• [How to complete this task]:
Find the line below with "taxi, por amor" and the line with "Les Noces de". Output them and the lines between, exactly, but not the pictures.

• [Exercise data]:
----

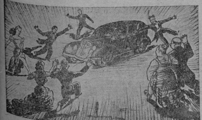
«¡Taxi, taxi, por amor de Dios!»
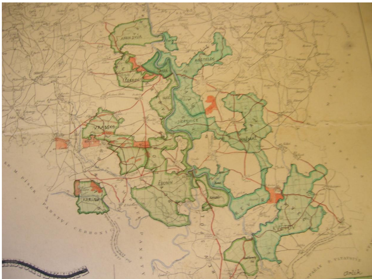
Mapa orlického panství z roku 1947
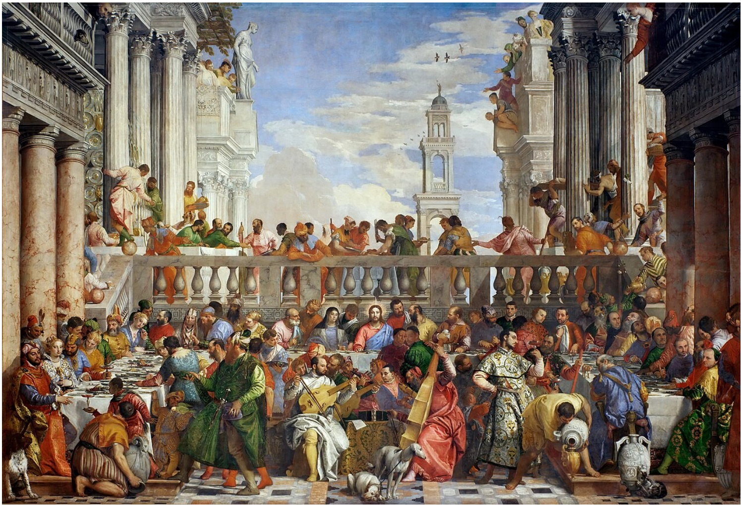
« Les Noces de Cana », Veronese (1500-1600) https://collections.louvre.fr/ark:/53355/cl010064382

----

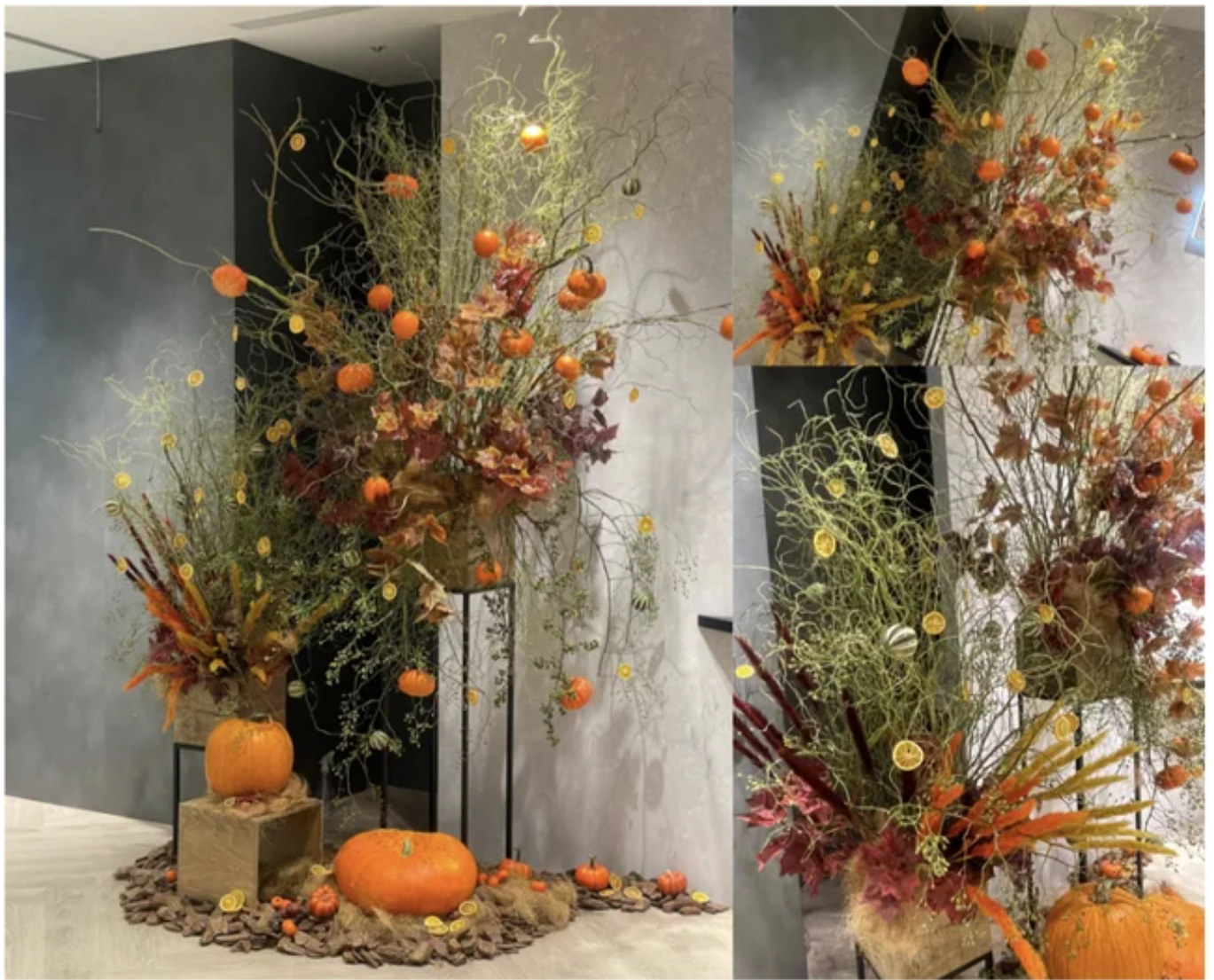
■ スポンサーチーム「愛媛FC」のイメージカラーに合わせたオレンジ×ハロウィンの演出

----

• [Problem solution]:
«¡Taxi, taxi, por amor de Dios!»
Mapa orlického panství z roku 1947
« Les Noces de Cana », Veronese (1500-1600) https://collections.louvre.fr/ark:/53355/cl010064382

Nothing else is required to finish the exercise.